Recorded data:
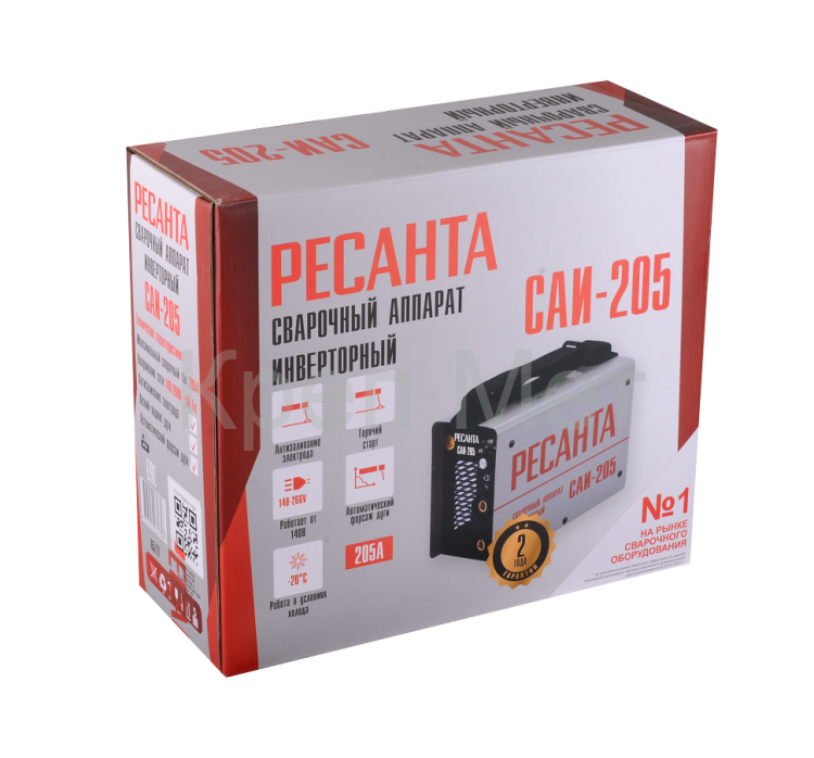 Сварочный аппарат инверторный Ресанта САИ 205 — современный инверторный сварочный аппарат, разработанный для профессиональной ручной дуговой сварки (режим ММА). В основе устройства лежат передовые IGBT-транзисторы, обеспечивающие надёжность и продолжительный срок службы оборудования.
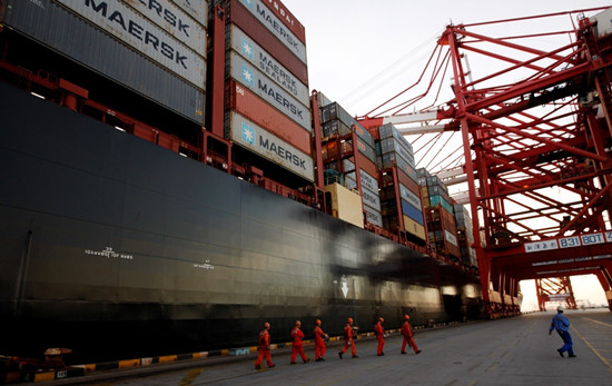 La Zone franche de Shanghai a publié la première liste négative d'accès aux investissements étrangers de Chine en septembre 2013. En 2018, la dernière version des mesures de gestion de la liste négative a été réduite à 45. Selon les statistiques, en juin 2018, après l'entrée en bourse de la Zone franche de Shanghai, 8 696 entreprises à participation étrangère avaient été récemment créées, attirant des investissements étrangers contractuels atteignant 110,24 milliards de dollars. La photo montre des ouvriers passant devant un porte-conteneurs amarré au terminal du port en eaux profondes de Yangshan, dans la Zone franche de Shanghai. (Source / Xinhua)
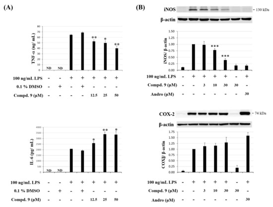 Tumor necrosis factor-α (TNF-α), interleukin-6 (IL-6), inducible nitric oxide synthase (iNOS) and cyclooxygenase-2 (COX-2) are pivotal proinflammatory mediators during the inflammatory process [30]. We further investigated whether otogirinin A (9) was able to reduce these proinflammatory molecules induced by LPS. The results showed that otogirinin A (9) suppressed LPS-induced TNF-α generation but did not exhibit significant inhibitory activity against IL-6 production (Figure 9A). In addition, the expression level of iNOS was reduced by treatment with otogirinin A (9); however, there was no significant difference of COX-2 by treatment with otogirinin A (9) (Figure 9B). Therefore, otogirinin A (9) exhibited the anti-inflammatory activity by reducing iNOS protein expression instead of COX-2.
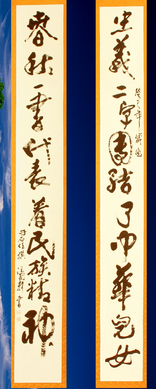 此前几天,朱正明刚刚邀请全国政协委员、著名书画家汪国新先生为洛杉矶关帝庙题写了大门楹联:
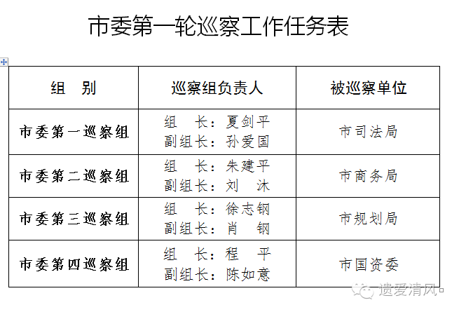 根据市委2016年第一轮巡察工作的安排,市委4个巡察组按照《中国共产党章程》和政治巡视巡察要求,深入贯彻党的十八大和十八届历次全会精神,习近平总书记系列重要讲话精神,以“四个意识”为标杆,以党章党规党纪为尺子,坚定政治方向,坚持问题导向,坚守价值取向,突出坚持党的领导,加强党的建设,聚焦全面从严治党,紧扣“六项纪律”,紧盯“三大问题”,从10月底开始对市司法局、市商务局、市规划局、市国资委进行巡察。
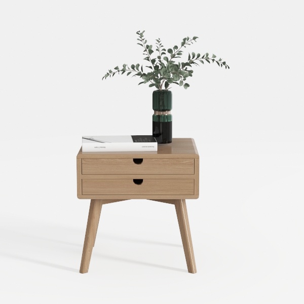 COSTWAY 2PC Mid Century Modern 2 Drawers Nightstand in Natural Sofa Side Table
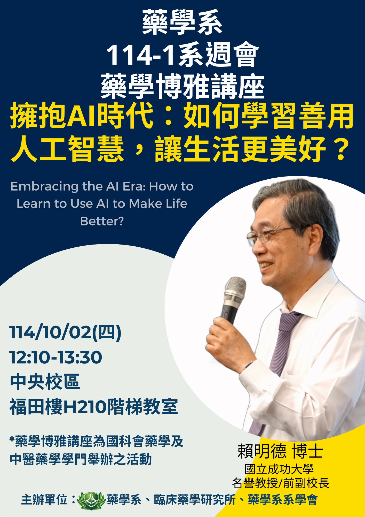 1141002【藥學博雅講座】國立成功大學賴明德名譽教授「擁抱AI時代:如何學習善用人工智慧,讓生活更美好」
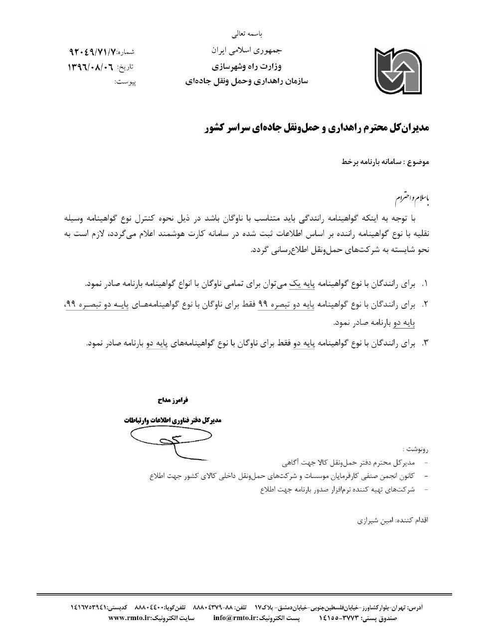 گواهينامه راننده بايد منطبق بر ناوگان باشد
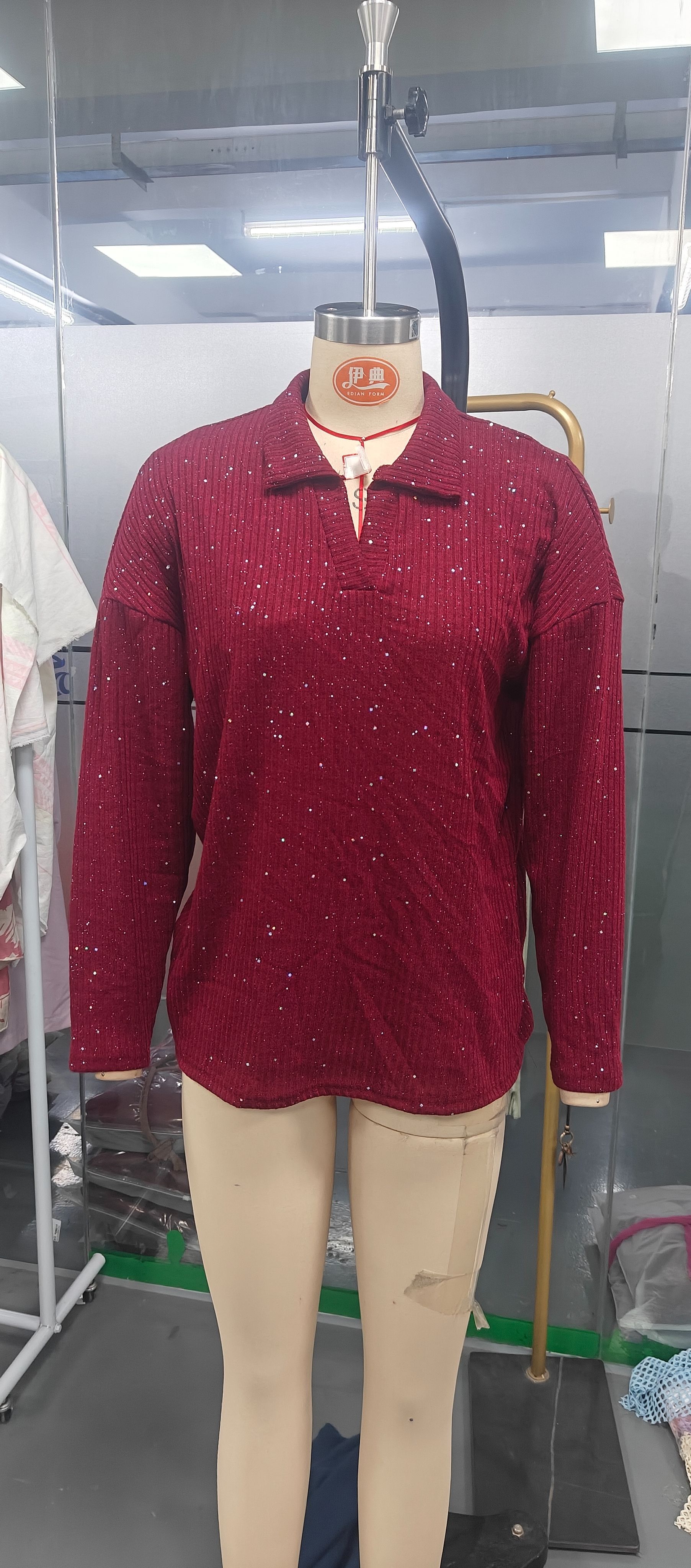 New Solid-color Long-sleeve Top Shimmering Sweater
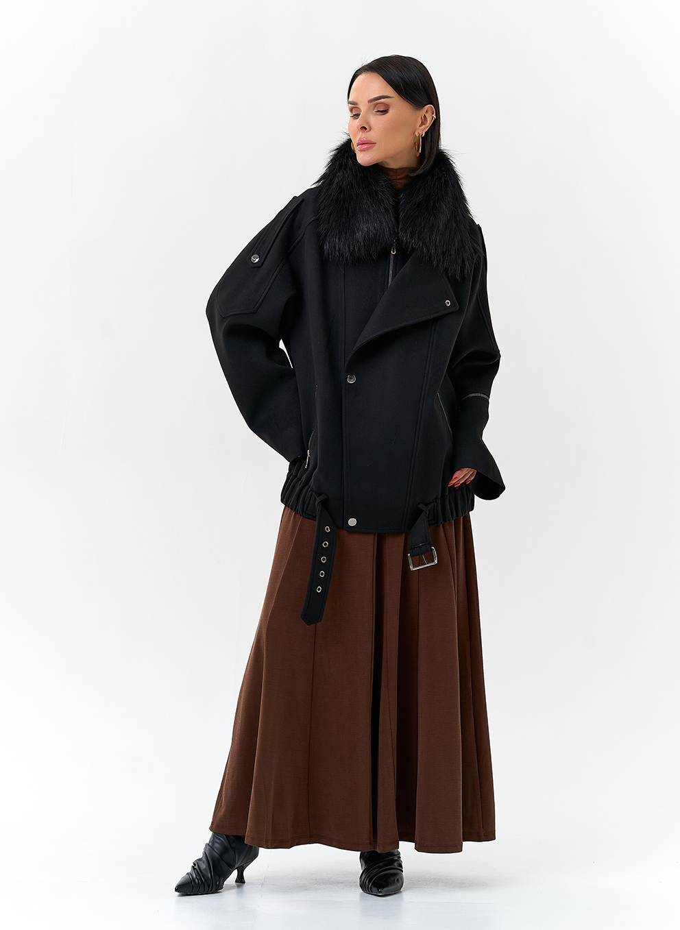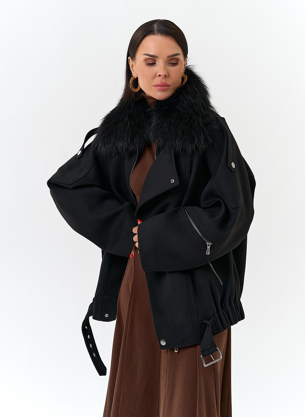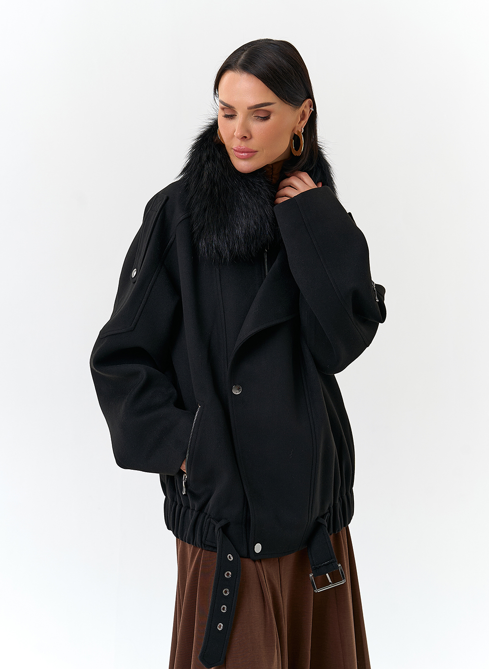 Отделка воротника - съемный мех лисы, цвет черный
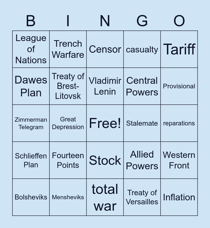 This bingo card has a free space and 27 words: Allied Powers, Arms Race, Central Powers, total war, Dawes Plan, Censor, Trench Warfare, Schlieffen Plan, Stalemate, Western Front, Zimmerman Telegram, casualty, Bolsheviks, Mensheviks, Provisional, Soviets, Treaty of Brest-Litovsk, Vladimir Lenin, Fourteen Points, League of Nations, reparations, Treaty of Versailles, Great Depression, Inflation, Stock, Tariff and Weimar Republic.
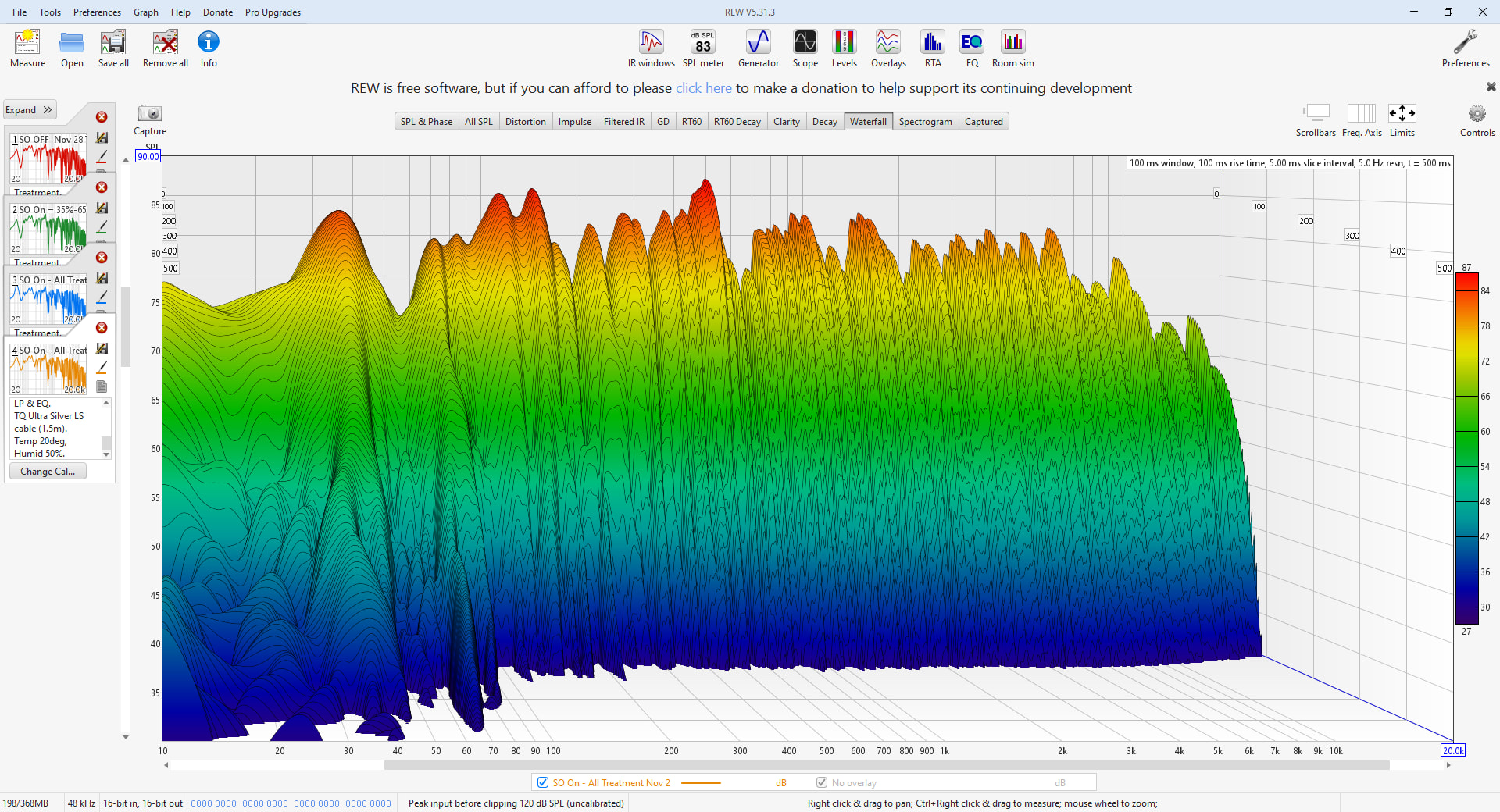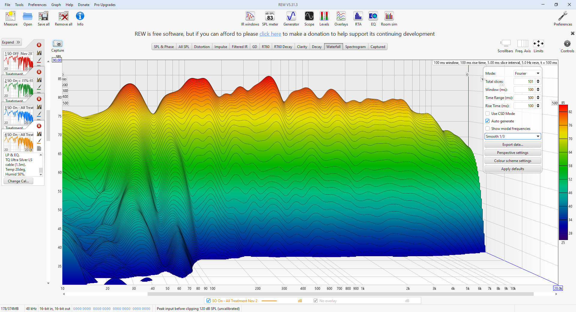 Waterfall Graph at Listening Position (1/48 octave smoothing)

| EXERCISE DIRECTIONS |
Every line from the one containing "根据市委2016年第一轮巡察" to the final line of the records must be transcribed exactly, both ends included, with the pictures left out.

| ANSWER BOX |
 根据市委2016年第一轮巡察工作的安排,市委4个巡察组按照《中国共产党章程》和政治巡视巡察要求,深入贯彻党的十八大和十八届历次全会精神,习近平总书记系列重要讲话精神,以“四个意识”为标杆,以党章党规党纪为尺子,坚定政治方向,坚持问题导向,坚守价值取向,突出坚持党的领导,加强党的建设,聚焦全面从严治党,紧扣“六项纪律”,紧盯“三大问题”,从10月底开始对市司法局、市商务局、市规划局、市国资委进行巡察。
 COSTWAY 2PC Mid Century Modern 2 Drawers Nightstand in Natural Sofa Side Table
 1141002【藥學博雅講座】國立成功大學賴明德名譽教授「擁抱AI時代:如何學習善用人工智慧,讓生活更美好」
 گواهينامه راننده بايد منطبق بر ناوگان باشد
 New Solid-color Long-sleeve Top Shimmering Sweater
 Отделка воротника - съемный мех лисы, цвет черный
 This bingo card has a free space and 27 words: Allied Powers, Arms Race, Central Powers, total war, Dawes Plan, Censor, Trench Warfare, Schlieffen Plan, Stalemate, Western Front, Zimmerman Telegram, casualty, Bolsheviks, Mensheviks, Provisional, Soviets, Treaty of Brest-Litovsk, Vladimir Lenin, Fourteen Points, League of Nations, reparations, Treaty of Versailles, Great Depression, Inflation, Stock, Tariff and Weimar Republic.
 Waterfall Graph at Listening Position (1/48 octave smoothing)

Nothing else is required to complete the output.